Recorded data:
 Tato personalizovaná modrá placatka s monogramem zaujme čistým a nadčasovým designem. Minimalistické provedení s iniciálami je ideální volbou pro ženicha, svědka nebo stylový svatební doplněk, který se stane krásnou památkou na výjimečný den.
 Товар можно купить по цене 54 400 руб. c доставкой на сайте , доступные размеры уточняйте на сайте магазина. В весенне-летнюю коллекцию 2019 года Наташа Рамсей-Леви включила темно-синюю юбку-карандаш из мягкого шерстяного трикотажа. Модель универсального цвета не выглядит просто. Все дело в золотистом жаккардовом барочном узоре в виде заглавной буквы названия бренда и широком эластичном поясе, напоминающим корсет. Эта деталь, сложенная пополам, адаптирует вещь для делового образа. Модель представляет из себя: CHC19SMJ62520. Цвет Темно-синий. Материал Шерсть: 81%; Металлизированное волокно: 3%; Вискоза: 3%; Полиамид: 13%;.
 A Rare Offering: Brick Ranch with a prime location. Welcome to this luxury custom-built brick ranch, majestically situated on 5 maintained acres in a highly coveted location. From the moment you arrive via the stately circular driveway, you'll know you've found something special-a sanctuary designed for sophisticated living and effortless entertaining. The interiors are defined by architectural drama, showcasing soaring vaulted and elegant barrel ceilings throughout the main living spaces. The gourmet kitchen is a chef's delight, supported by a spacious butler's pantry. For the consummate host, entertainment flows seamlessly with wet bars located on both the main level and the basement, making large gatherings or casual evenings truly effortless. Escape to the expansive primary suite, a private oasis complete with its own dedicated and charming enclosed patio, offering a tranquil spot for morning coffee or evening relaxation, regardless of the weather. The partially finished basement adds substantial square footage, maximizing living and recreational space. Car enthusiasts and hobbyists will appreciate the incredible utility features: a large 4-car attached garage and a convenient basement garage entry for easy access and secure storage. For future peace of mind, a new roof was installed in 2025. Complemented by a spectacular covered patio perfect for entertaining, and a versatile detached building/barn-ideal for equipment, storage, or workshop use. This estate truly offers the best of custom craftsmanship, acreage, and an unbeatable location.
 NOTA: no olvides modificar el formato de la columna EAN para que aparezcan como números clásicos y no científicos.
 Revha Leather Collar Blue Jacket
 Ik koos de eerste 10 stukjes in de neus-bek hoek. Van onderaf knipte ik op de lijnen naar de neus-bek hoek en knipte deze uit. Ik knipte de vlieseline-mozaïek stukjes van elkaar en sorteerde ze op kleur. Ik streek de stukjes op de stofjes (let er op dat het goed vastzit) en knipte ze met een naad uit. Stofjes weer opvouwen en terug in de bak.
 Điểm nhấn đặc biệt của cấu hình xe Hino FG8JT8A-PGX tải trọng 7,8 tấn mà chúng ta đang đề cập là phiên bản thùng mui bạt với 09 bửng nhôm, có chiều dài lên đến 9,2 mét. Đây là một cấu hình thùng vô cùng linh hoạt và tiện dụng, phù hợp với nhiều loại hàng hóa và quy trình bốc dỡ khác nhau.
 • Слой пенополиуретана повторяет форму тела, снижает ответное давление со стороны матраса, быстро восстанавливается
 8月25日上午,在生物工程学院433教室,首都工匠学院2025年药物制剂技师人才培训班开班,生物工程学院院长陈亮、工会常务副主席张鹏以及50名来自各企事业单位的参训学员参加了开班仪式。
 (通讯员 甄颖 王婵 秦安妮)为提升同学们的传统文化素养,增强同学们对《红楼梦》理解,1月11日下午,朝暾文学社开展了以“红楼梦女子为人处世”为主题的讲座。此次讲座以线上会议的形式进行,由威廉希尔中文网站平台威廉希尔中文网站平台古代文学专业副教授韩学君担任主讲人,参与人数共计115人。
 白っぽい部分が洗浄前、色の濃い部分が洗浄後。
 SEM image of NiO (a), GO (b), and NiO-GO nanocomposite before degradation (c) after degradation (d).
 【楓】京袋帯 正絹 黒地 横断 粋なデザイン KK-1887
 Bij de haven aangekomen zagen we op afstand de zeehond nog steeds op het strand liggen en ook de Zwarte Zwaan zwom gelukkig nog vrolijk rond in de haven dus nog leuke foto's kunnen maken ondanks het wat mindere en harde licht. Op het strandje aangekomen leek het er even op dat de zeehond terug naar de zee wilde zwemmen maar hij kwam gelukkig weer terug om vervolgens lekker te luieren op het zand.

■ **EXERCISE BRIEF**
Match on "terug" and copy out every line of the entries that contains it.

■ **ANSWER AREA**
 Ik koos de eerste 10 stukjes in de neus-bek hoek. Van onderaf knipte ik op de lijnen naar de neus-bek hoek en knipte deze uit. Ik knipte de vlieseline-mozaïek stukjes van elkaar en sorteerde ze op kleur. Ik streek de stukjes op de stofjes (let er op dat het goed vastzit) en knipte ze met een naad uit. Stofjes weer opvouwen en terug in de bak.
 Bij de haven aangekomen zagen we op afstand de zeehond nog steeds op het strand liggen en ook de Zwarte Zwaan zwom gelukkig nog vrolijk rond in de haven dus nog leuke foto's kunnen maken ondanks het wat mindere en harde licht. Op het strandje aangekomen leek het er even op dat de zeehond terug naar de zee wilde zwemmen maar hij kwam gelukkig weer terug om vervolgens lekker te luieren op het zand.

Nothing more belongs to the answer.